--- Activity ---
Would you please retype, exactly, the lines of the listing below between the line with "Леза змінні для" and the line with "Exploiting Image-trained CNN", inclusive?

--- Excerpted records ---

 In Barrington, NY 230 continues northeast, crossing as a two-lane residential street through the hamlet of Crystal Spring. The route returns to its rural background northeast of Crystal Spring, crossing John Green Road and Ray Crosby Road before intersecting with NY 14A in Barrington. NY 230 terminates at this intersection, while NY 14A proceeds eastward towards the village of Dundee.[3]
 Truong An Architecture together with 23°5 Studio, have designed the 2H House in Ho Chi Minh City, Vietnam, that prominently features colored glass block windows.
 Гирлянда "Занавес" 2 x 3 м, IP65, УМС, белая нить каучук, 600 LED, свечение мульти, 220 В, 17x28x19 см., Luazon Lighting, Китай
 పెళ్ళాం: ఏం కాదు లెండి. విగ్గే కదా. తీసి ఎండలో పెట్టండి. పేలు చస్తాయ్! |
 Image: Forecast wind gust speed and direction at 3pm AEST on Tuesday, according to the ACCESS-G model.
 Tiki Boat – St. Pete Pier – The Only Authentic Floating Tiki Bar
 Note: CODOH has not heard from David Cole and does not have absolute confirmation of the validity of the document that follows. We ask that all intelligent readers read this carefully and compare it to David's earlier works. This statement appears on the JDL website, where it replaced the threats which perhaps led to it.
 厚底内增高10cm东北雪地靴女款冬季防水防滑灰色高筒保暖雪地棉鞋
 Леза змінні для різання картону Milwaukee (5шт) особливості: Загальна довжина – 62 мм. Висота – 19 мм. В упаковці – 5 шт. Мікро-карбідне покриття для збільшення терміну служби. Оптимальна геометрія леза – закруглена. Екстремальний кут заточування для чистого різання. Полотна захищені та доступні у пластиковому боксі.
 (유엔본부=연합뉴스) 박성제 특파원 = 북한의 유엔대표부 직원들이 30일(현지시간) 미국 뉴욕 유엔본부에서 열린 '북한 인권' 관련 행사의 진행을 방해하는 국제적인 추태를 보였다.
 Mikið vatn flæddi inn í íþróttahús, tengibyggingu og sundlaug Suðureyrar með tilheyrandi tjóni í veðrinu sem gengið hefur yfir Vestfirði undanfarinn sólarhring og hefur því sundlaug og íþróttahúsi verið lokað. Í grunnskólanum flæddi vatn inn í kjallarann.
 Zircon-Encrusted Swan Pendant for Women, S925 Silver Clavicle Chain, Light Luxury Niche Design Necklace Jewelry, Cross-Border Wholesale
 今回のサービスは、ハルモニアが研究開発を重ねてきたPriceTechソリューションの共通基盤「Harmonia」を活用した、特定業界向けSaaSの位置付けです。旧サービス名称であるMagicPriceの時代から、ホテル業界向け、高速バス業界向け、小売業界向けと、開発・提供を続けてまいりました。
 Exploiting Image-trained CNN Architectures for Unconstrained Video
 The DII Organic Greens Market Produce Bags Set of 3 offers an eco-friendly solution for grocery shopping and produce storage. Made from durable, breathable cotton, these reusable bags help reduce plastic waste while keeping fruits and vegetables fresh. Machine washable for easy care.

--- Reply ---
 Леза змінні для різання картону Milwaukee (5шт) особливості: Загальна довжина – 62 мм. Висота – 19 мм. В упаковці – 5 шт. Мікро-карбідне покриття для збільшення терміну служби. Оптимальна геометрія леза – закруглена. Екстремальний кут заточування для чистого різання. Полотна захищені та доступні у пластиковому боксі.
 (유엔본부=연합뉴스) 박성제 특파원 = 북한의 유엔대표부 직원들이 30일(현지시간) 미국 뉴욕 유엔본부에서 열린 '북한 인권' 관련 행사의 진행을 방해하는 국제적인 추태를 보였다.
 Mikið vatn flæddi inn í íþróttahús, tengibyggingu og sundlaug Suðureyrar með tilheyrandi tjóni í veðrinu sem gengið hefur yfir Vestfirði undanfarinn sólarhring og hefur því sundlaug og íþróttahúsi verið lokað. Í grunnskólanum flæddi vatn inn í kjallarann.
 Zircon-Encrusted Swan Pendant for Women, S925 Silver Clavicle Chain, Light Luxury Niche Design Necklace Jewelry, Cross-Border Wholesale
 今回のサービスは、ハルモニアが研究開発を重ねてきたPriceTechソリューションの共通基盤「Harmonia」を活用した、特定業界向けSaaSの位置付けです。旧サービス名称であるMagicPriceの時代から、ホテル業界向け、高速バス業界向け、小売業界向けと、開発・提供を続けてまいりました。
 Exploiting Image-trained CNN Architectures for Unconstrained Video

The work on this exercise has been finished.